ONCE ダブリンの街角で

December 02 [Sun], 2007, 15:39
Once

ダブリンの街角で唄うストリートミュージシャンと、チェコ移民の女性の出会い。彼らの奏でる音楽が心象風景を紡ぎ出す。

言葉でなく、音で語るシンプルな人生の再起の物語。劇中で流れる楽曲も心地よく耳に響きます。
この作品、口コミで全米でも大ヒットしたとかで、なかなかの人気ぶり。
どうでもいいんだけど、この邦題・・・「ダブリンの街角で」は"Once"のサブタイトルですか?それとも続けて読むの?だとしたらものすごい違和感のあるタイトルなんだけど・・・。

いかにも低予算で作られた感じの、ざらついた感触の映像とドキュメンタリー・タッチの作り。名の知られたスターは出演せず、90分足らずのコンパクトな小品にもかかわらず、これ程人の心を捉えているものは何なのだろう?と思っていたけれど、リアルな現実と日常風景のもたらす素朴な美しさに、この音楽だけでも充分!って思える楽曲の数々は聴き応えあります。

音楽の果たす役割は非常に大きく、普通は台詞で語るところを唄で表現しているため、ある意味ミュージカルか!?ってくらい、音楽が流れるのだけれど、その唄には主人公の感情がダイレクトに表現されているからこそ、迫ってくるものがある。
主人公が出会うチェコ移民の女性とのセッションで曲が完成されていくシークエンスなんて、人と人の心が直に触れ合う瞬間を見ているよう。音楽を通して、心が共鳴するって、こういうことなんだなーって。だからこの出会いが、瞬間のものであっても、人生を変えるかけがえのないものなんだって思えるのです。それがまた、楽器店のピアノを借りて、っていうところが現実的でイイ(笑)

スタジオでのレコーディングの風景も含め、音楽好きなら見逃せないシーンも満載。
主人公の青年を演じるグレン・ハンサードはザ・フレイムズというバンドのフロントマンだとか。このバンドは残念ながら知らないんだけど、彼の曲はシンプルなギターサウンドに乗せたエモーショナルなロック。曲の感じでいくと、コールドプレイとか、その辺に近いかなぁ?印象的だったのはやっぱり、楽器店でセッションしてた曲と、前の彼女のことを歌った曲(回想?シーンで流れる)ですね。

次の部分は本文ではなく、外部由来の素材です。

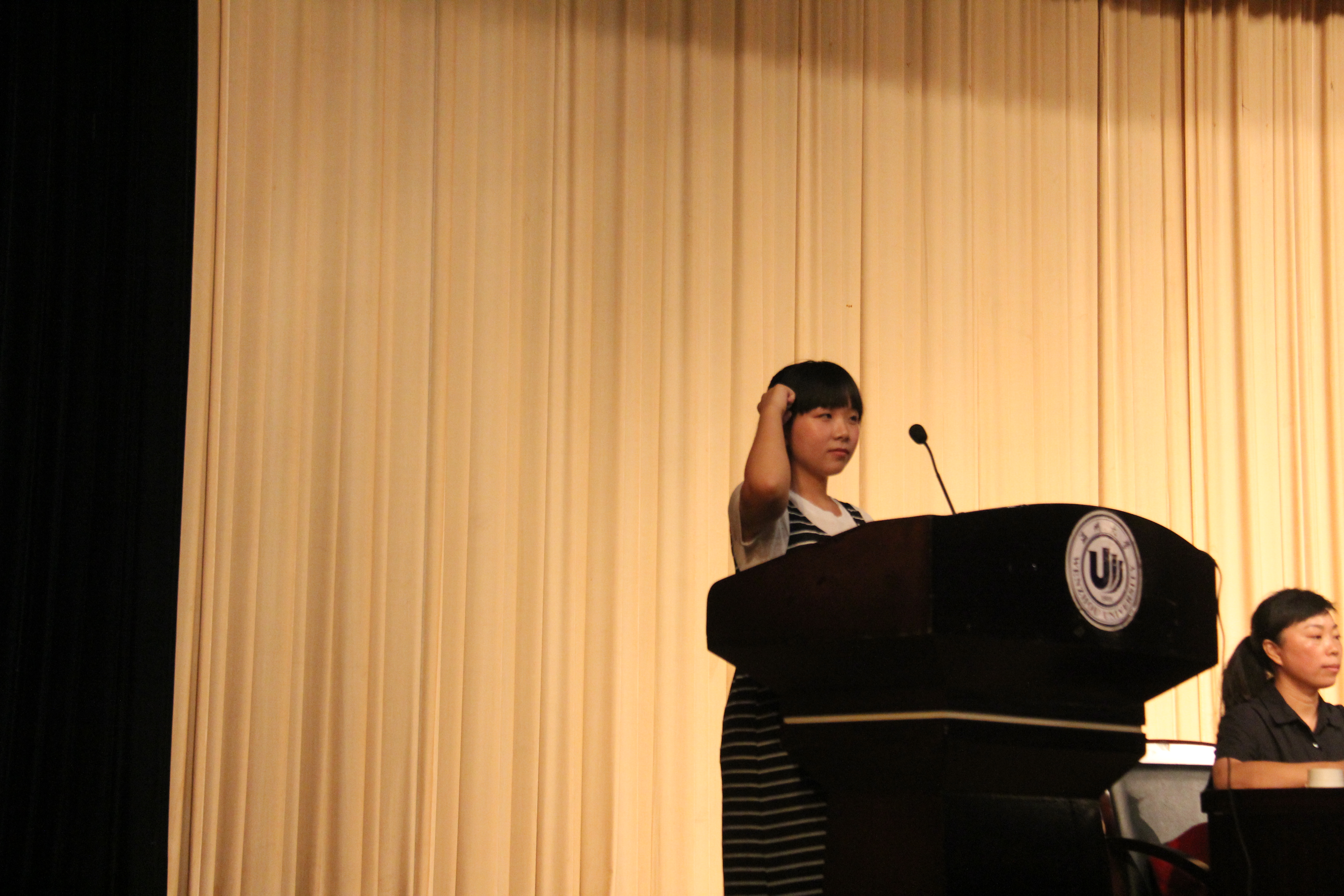 感到骄傲的人!新生代表16小教1班的温心怡同学发言,她表示在大学生活正式开启之时,他们将唤醒内心深处的梦想,在这个追梦的地方一起为梦想而奋斗,在大学四年中成就更好自己的决心。之后,全体新生进行了入学宣誓,“我愿以青春年华融入美丽温大,珍惜美好岁月,铸就身心健康,传承师辈德业,增进智慧学养……”会场中回荡着同学们的激昂话语和满腔热情,这也将开学典礼推向高潮。

何気ない光景が美しく見えるのは、たぶんそこに現実があるから。
決して恵まれているとも、満たされているともいえない現実。でもそこに光を、希望を見出そうとする姿が、はっとするほどきらめいて見えるのだ。CDプレイヤーを聴くために、夜中に電池を買いに走る。それだけで人は小さな幸せを得られる、人にはそんな才能がある。そうして人は生きることを続けていく。
ダブリンの街角で唄う男は、ピアノを弾く花売り娘と出会う。典型的なボーイ・ミーツ・ガールの物語。彼らには名前がなかったことに、最後に気づいた。

おまけ
アイルランドのアーティストっていうと、私的にはスコットランドとかに比べてあんまりピンとこないので(爆)ちょっと調べてみましたよ。おなじみのU2やクランベリーズ、映画中でもちょっと名前が出てきたシン・リジィなどの他、マイブラことマイ・ブラッディ・バレンタインもダブリン出身だったのかー。所属してたレーベル(クリエイション)を当時倒産に追い込んだほど散財した伝説の(?)バンドなんですけどね。すごく好きなんだけど、アイルランド出身だったとは意識したことなかったなー。(←めちゃくちゃ余談)
主人公がパフォーマンスしていたのはストリート・ミュージシャンが多いことで知られている(らしい)グラフトン・ストリートですかね?